Speaking of specific highly pursued sectors, Kapdi mentions digital technology and high technology infrastructure. “The number of active tech hubs in Africa has almost doubled over the last couple of years — from 314 in 2016 to 618 in 2019. Projects such as China’s ‘Digital Silk Road’ ambition to link emerging markets with hi-tech telecommunications hardware infrastructure continue to be more relevant than ever in African economies and we see an increased focus in the ‘digitalization of Africa’ by leaders on the continent and their investors.”

Another opportunity lies in Africa’s rapid urbanization. Abayazid tells ALB that he has already seen feasibility plans for two airport projects and construction of a business district and also large-scale commercial and residential buildings.

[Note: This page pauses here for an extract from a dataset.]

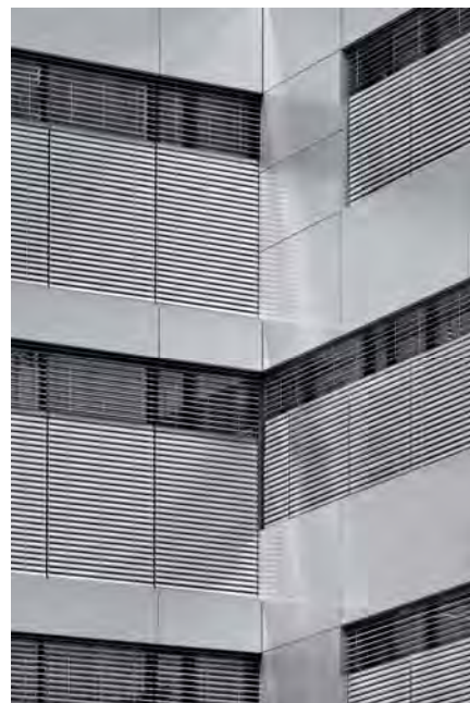
Rechts: Bürokomplex MÜ 15_46946_28

Even with the COVID-19 pandemic lingering, law firms believe 2020 has a great deal of opportunities. “A new report participated by Baker McKenzie, BRI Beyond 2020, shows that the ripple effects of COVID-19 are affecting the nature, pace and scope of China’s Belt and Road Initiative activity in Africa,” Du Plessis says.

He continues: “The report highlights that one key area of potential for the BRI is in projects focused on strengthening the health systems of low-income countries. China’s MedTech sector may similarly find opportunities abroad.”